There are also about 71.5 million class B shareholders without voting rights, that are freely traded.
If the dividend is not paid out for eight consecutive quarters, the class B shareholders would gain voting rights.
Bob Hepburn, director of communications at Torstar, said the company is sticking to its plan to review its dividend policy before the end of 2020.
Torstar said restructuring in 2019 reduced 640 positions, which will result in $41.3 million in annualized cost savings.
The efforts tie into other cost-savings measures: It also transferred eight pension plans to the College of Applied Arts and Technology Pension Plans, which reduced its exposure to defined benefit pension liabilities and resulted in a $24.6 million gain in the fourth quarter.
Earlier this month, it announced a $25.5 million sale of the land and building used by the Hamilton Spectator newspaper, which followed a decision last year to close its print and mailroom operations there.
Lorenzo DeMarchi, chief financial officer of Torstar, said during the earnings call Wednesday that sale is expected to close in the first quarter of 2020.
“We continued to face a challenging print advertising market in 2019 resulting from ongoing shifts in spending by advertisers,” DeMarchi said. “Similar trends have continued early into 2020 and it is difficult to predict if these trends will worsen, improve or continue.”
Print advertising still accounted for 32 per cent of revenue, followed by print and digital subscriptions at 25 per cent, flyer distribution at 22 per cent, and digital advertising at 13 per cent.

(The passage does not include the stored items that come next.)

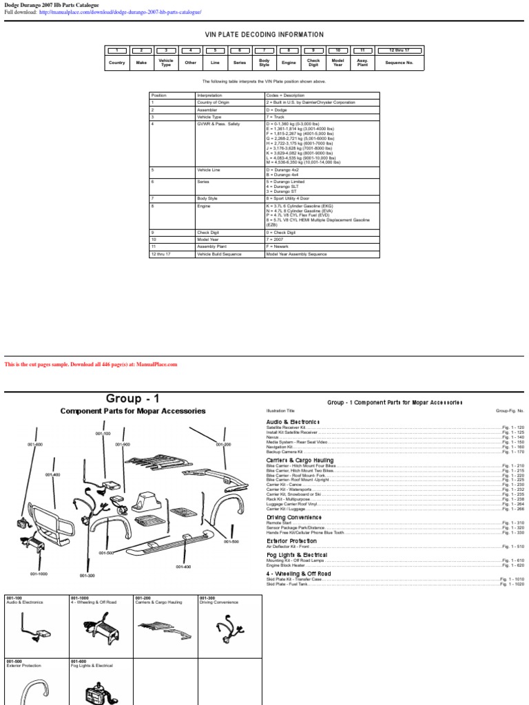 Dodge Durango 2007 Hb Parts Catalogue Service Manual Download Marketplace
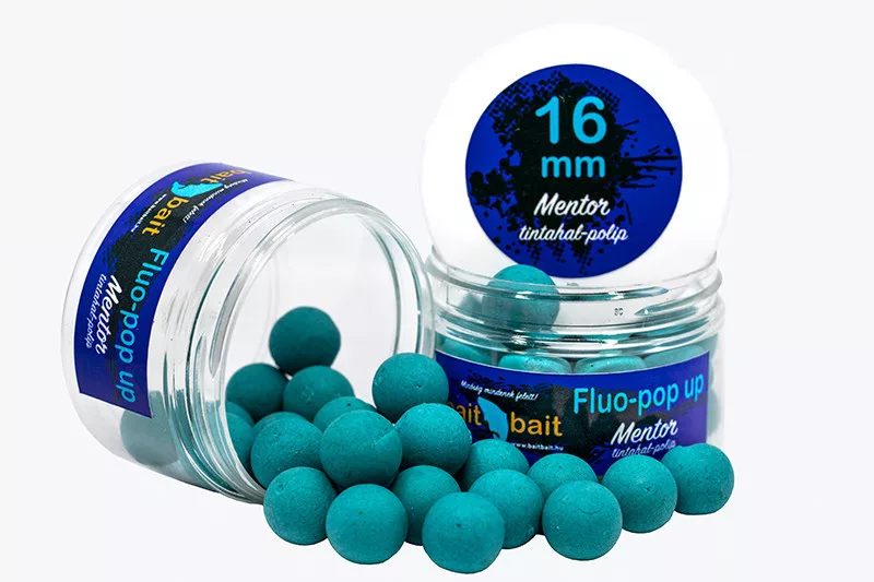 A Bait Bait Fluo Pop-Up bojlijaink nagyon élénk színekkel, erőteljes aromával, valamint hosszantartó lebegő képességgel rendelkeznek. Anyagukban extra mennyiségű étvágyfokozókat és aminókat tartalmaznak. A csalik csomagolás előtt is átesnek egy étvágyfokozó fürdőn, hogy minél aktívabban és minél frissebben várják, hogy bevessék Őket. Anyagösszetételük egyedülálló a magyar piacon, nagyon egyedi alapanyagok alkotják. Ezeket a csalikat volt a legnehezebb megalkotni, mivel itt is arra törekedtünk, hogy egy kimagasló minőségű csali kerüljön a horgászok kezébe. A fejlesztések alatt rengeteg keverési arányt kipróbáltunk, de itt is a tökéletességre törekedtünk, így sikerült ezeket a csalikat megalkotnunk. Ezen Pop-Upokat enyhén gumis állag, és szinte szétnyomhatatlan szerkezet jellemzi. A csalik szerkezete lehetővé teszi az utólagos plussz dippelést is. Ízesítés: Tintahal-polip
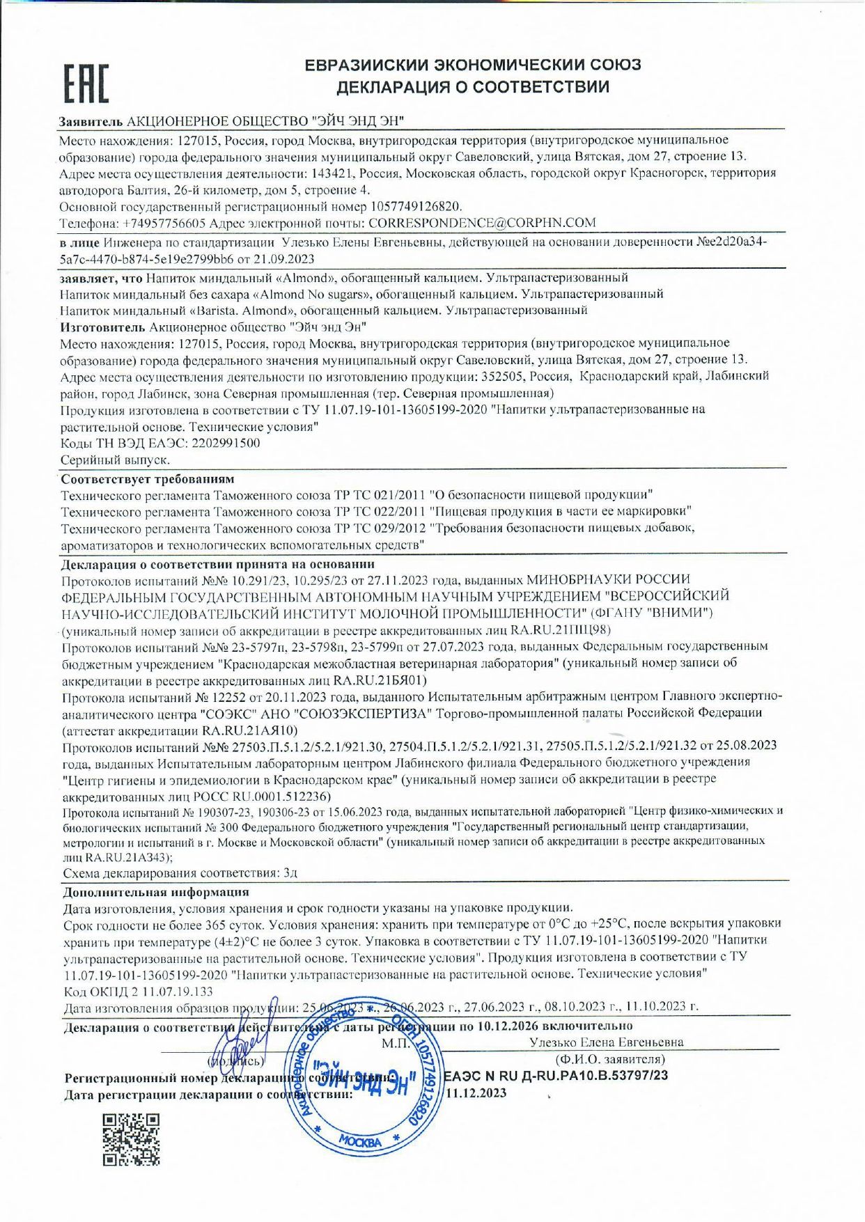 Состав: миндальная основа (вода, миндальная паста из обжаренного миндаля (100%)), сахар, регуляторы кислотности (орто-фосфат калия 2-замещенный, орто-фосфат калия 1-замещенный), карбонат кальция (источник кальция), натуральные ароматизаторы, стабилизаторы (геллановая камедь, гуаровая камедь), соль, эмульгатор (лецитины (подсолнечный)).
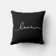 Almohadilla cuadrada de amor escrita a mano blanca sobre fondo negro
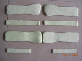 本产品是用薄板(柳木板)塑型,内衬棉垫,外包棉布制成.也 可以用竹,塑料,石膏, 铝等材料制造.有如上材料生产能力的企业均可投产。附图一塑型石膏夹板,附图 二塑型木板夹板。
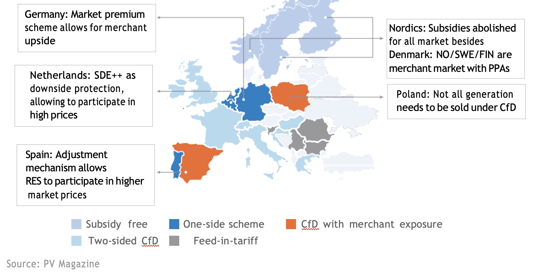 The European market, primarily driven by the policy-led growth in capacity and the related support structures, also accommodates the potential for the merchant power segment. Select markets such as those of the Nordics are examples of prominent merchant PPAs due to the elimination of subsidies. In contrast, other markets have CfDs, which could act against the incentives for PPAs and may, effectively, displace the capacity that would otherwise be allocated through merchant or other direct offtake-based PPAs.
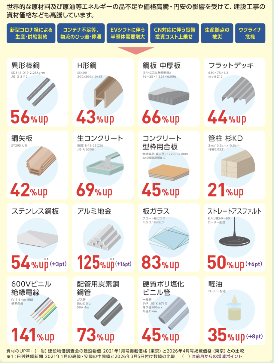 建設資材物価は2021年1月比で平均39%上昇。全建設コストは最大32%増に
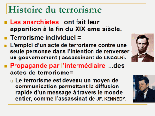 public officials, e.g. the killing of a president or ruler. Terrorism has become a statement. Arthur H. Garrison, How the World Changed: a History of the Development of Terrorism, presented at Delaware criminal Justice Council Annual Retreat, Oct 28-29, 2001 |
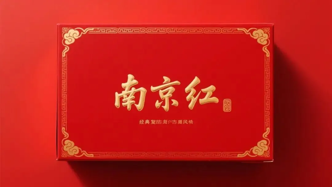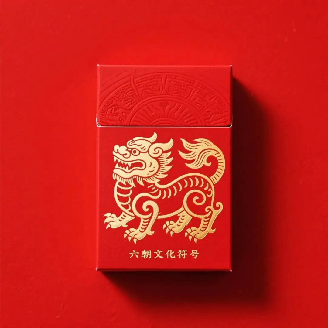 红南京的包装设计堪称中式卷烟美学的经典案例。主色调采用大红色底衬配金色字体,正面"南京"二字取自书法家武中奇的榜书,笔力遒劲、气势恢宏;背面的南京市徽"辟邪"图案(六朝石刻神兽造型)更是点睛之笔,将地域文化符号转化为视觉识别核心。
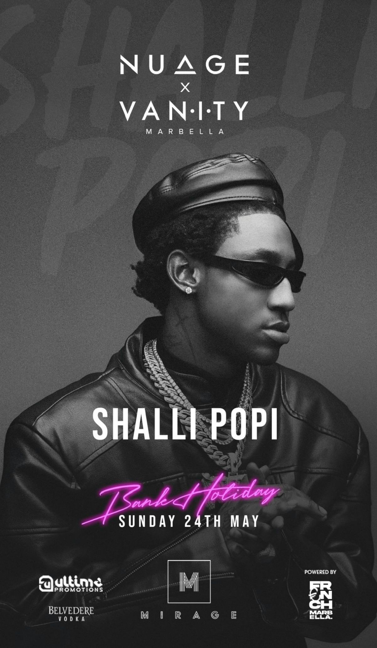 SHALLI POPI x VANITY @ MIRAGE MARBELLAwith FRENCH MARBELLALive at Mirage MarbellaFeaturing: SHALLI POPIDJs on the night:SHAYNE GIVEN - MAX DENHAM - AIKO - NEIL The best in RNB • HIP HOP • AFRO HOUSELimited tickets available.For tickets & table bookings — DM us now or +447583869218Mirage Nightclub • Marbella
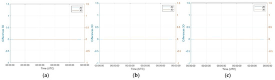 Figure 7a–c illustrates the temporal variation in 2D and 3D differences from the mean value for the GNSS measurements at the specified stations. A consistent observation across all three stations is the absence of any deviation from the mean for both 2D and 3D representations. Throughout the observed time span, both the 2D and 3D difference values remain precisely at zero, indicating that the measurements exhibit no displacement or offset from the calculated average. This suggests high stability and agreement with the mean value in the data’s horizontal and three-dimensional components.
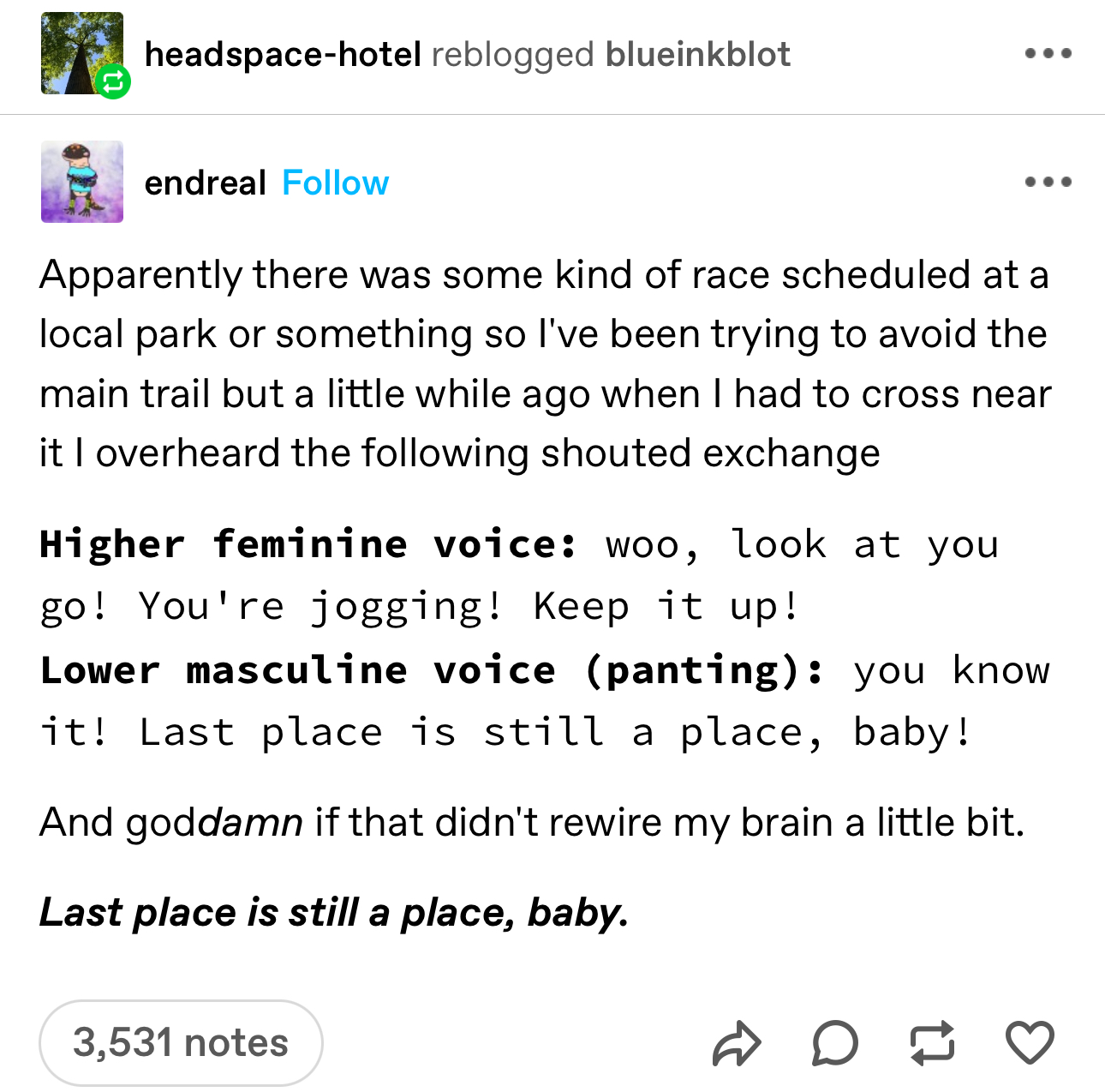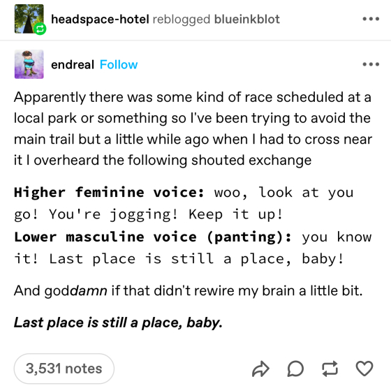 I love the community of tumblr and it's my favorite source of stuff to repost on my blog - but I haven't figured out how to get "followed", so it's mostly a read-only medium for me so far.
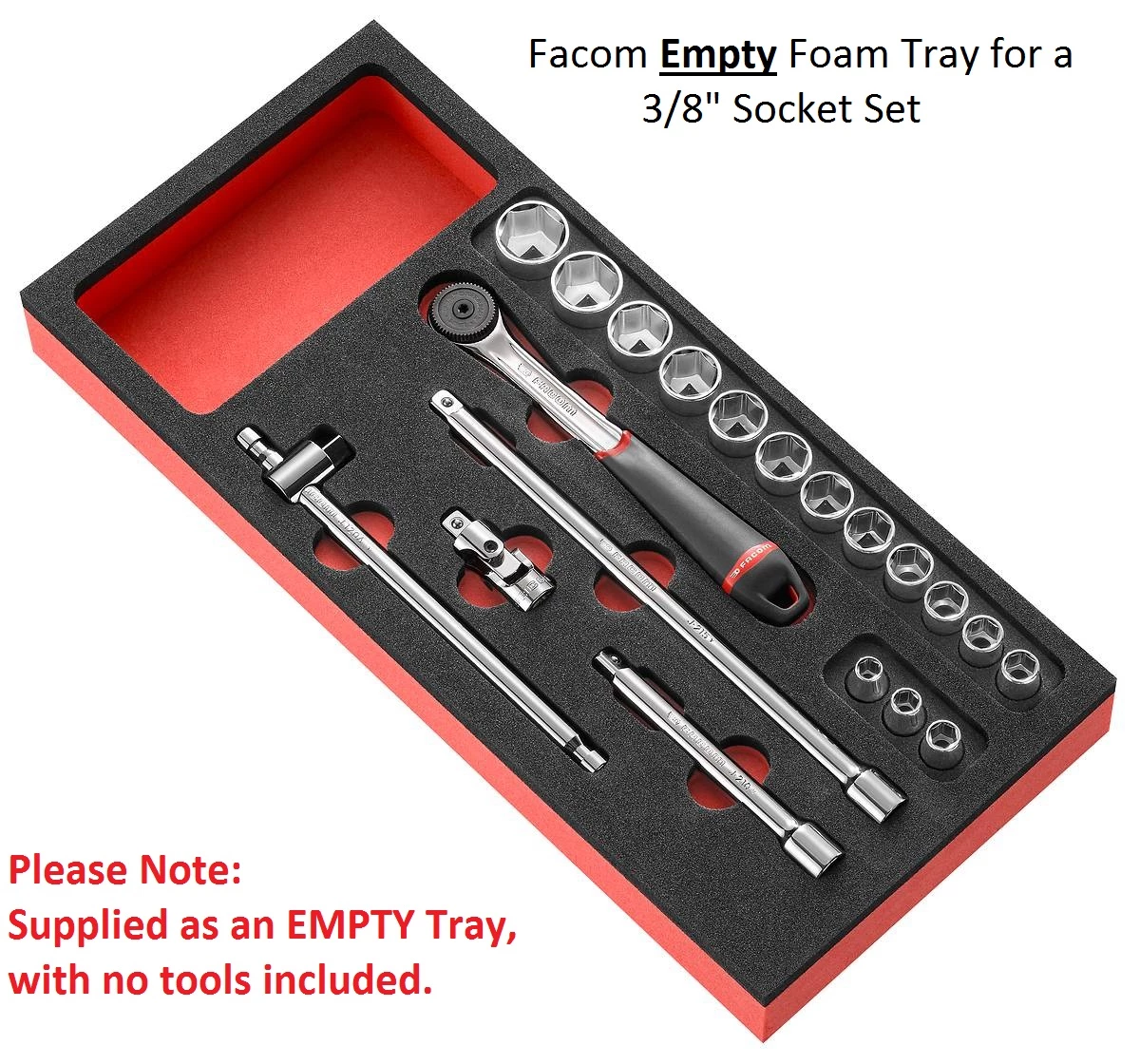 - For: sockets (8, 9, 10, 11, 12, 13, 14, 15, 16, 17, 18, 19, 21 & 22mm), 3/8″ ratchet, extension bars (125mm & 250mm), universal joint & sliding T-handle,

Looking at all of 2019 compared to the previous year, print advertising declined 21 per cent to $155 million, digital advertising declined 8.1 per cent to $60.3 million, and flyer distribution revenue declined 11 per cent to $103.5 million. Print and digital subscriptions increased one per cent to $119.7 million, but the company did not separate them out.
Overall, operating revenue in 2019 declined 11.8 per cent to 479 million.